───── DATA FOR PROCESSING ─────

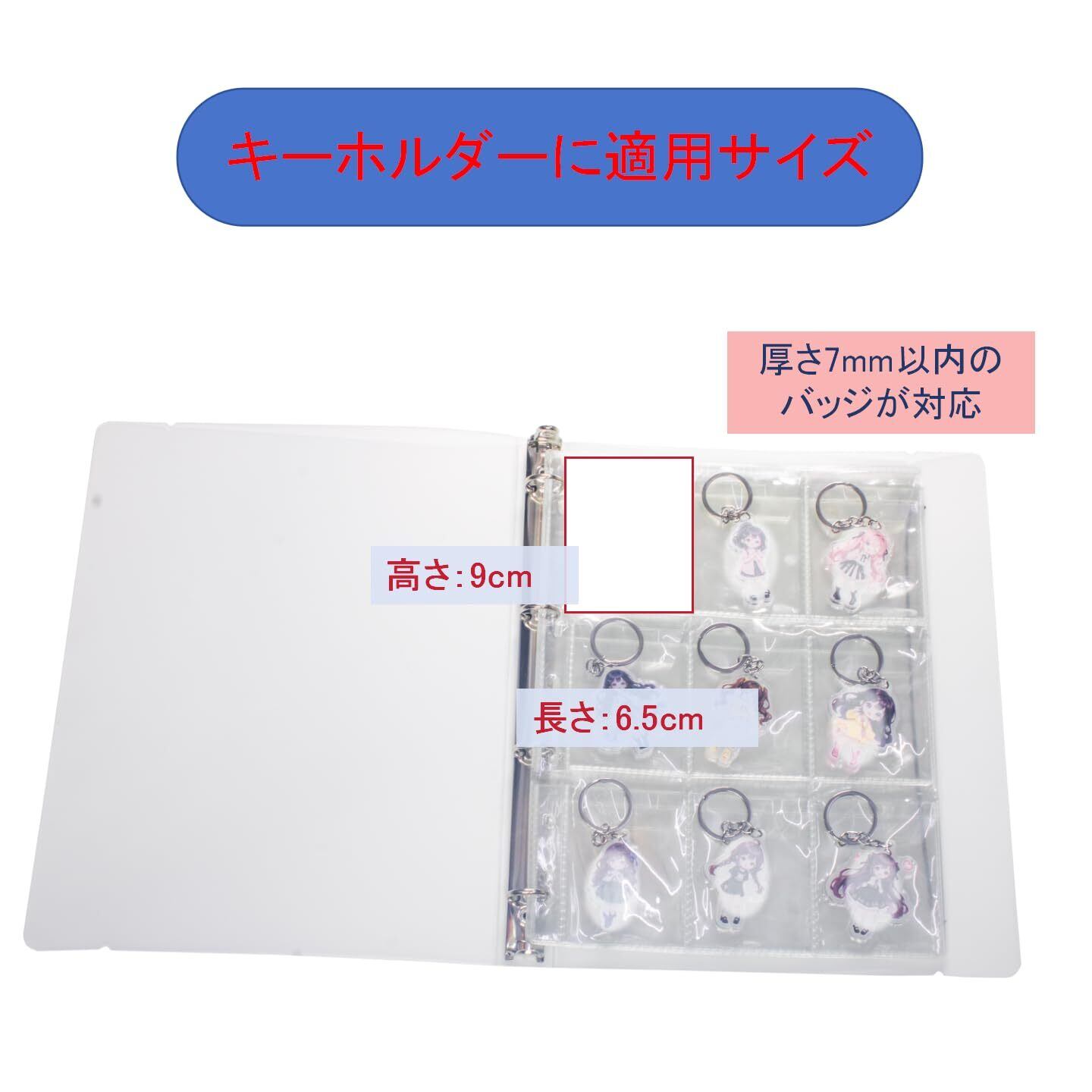 【最大72枚収納可能】缶バッジ収納ファイル*1枚、キーホルダー収納ファイル*8ページです。1ページにつき9ポケット、合計8ページで最大72枚収納可能です。缶バッジなどの形状に最適です。
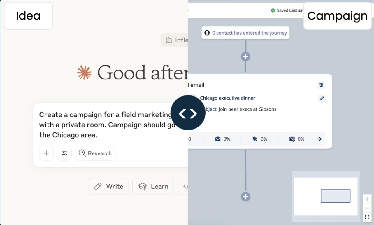 Using Inflection’s new Model Context Protocol (MCP) server, you can build full journeys, audiences, and emails from a single prompt, utilizing all the data Inflection has about your contacts and accounts, including Salesforce, product data, marketing activity, and any large datasets streamed from your data warehouse.
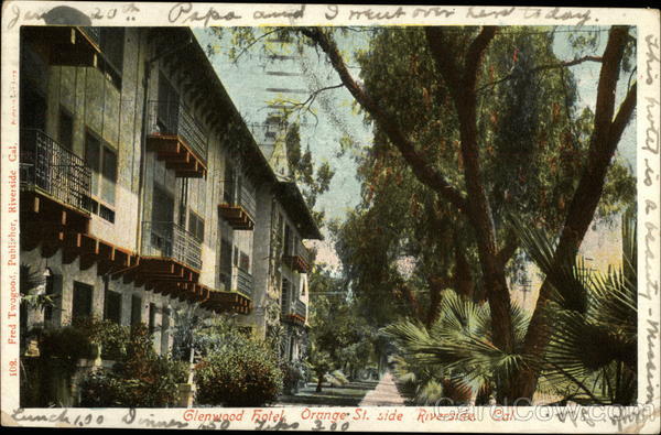 Ench 1,90 Irinn Glenwgod hotel Orange St. side Riverside. Cal.
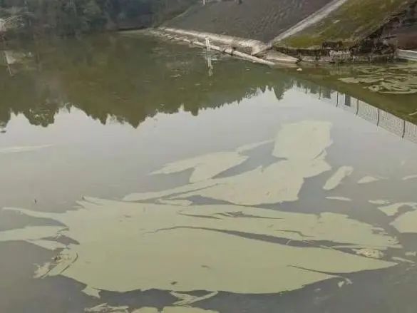 治理前水庫取水點局部水面出現(xiàn)大量藻類,水體發(fā)綠,透明度僅為40cm,感官較差。8Cl新型光催化網(wǎng)_水庫治理_河道治理_水生態(tài)修復_水環(huán)境治理與修復_江蘇雙良環(huán)境科技有限公司
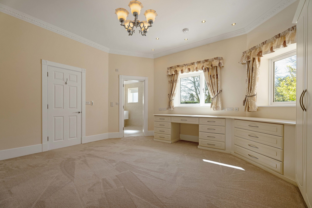 The left wing holds further generous living accommodation. From the main entrance hall, you enter a lobby which leads through into a large living room. At the rear of the living room, you will find two large double bedrooms with ensuite bathrooms. To the front elevation of the left wing, you will find a large triple garage with electric doors, an abundance of storage, two w/c’s, and a good-sized utility.
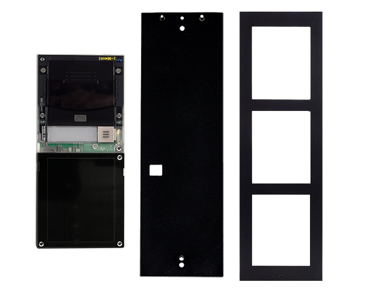 The 2N Surface Installation Frame for 3 IP Verso Modules - Black (9155023B) is a 3 Module Surface-mount Frame in Black for use in completing a 2N Helios IP Verso Modular Door Intercom system.
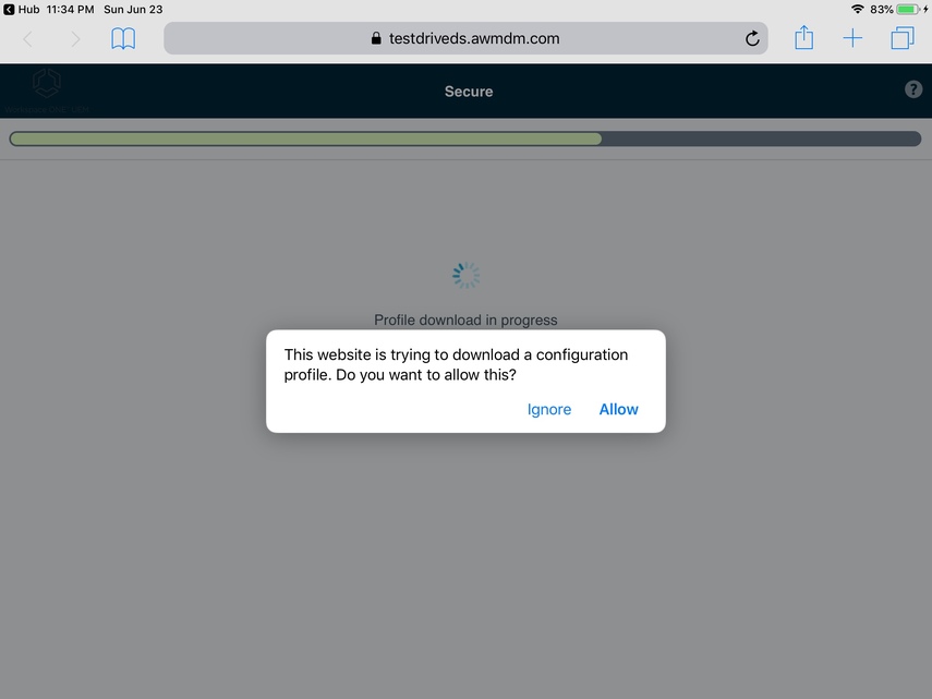 Next, you'll be directed to download the Workspace Services configuration profile. Click Allow in the browser to proceed.

─────

Using the material above, retype each entry exactly and omit the pictures.

 【最大72枚収納可能】缶バッジ収納ファイル*1枚、キーホルダー収納ファイル*8ページです。1ページにつき9ポケット、合計8ページで最大72枚収納可能です。缶バッジなどの形状に最適です。
 Using Inflection’s new Model Context Protocol (MCP) server, you can build full journeys, audiences, and emails from a single prompt, utilizing all the data Inflection has about your contacts and accounts, including Salesforce, product data, marketing activity, and any large datasets streamed from your data warehouse.
 Ench 1,90 Irinn Glenwgod hotel Orange St. side Riverside. Cal.
 治理前水庫取水點局部水面出現(xiàn)大量藻類,水體發(fā)綠,透明度僅為40cm,感官較差。8Cl新型光催化網(wǎng)_水庫治理_河道治理_水生態(tài)修復_水環(huán)境治理與修復_江蘇雙良環(huán)境科技有限公司
 The left wing holds further generous living accommodation. From the main entrance hall, you enter a lobby which leads through into a large living room. At the rear of the living room, you will find two large double bedrooms with ensuite bathrooms. To the front elevation of the left wing, you will find a large triple garage with electric doors, an abundance of storage, two w/c’s, and a good-sized utility.
 The 2N Surface Installation Frame for 3 IP Verso Modules - Black (9155023B) is a 3 Module Surface-mount Frame in Black for use in completing a 2N Helios IP Verso Modular Door Intercom system.
 Next, you'll be directed to download the Workspace Services configuration profile. Click Allow in the browser to proceed.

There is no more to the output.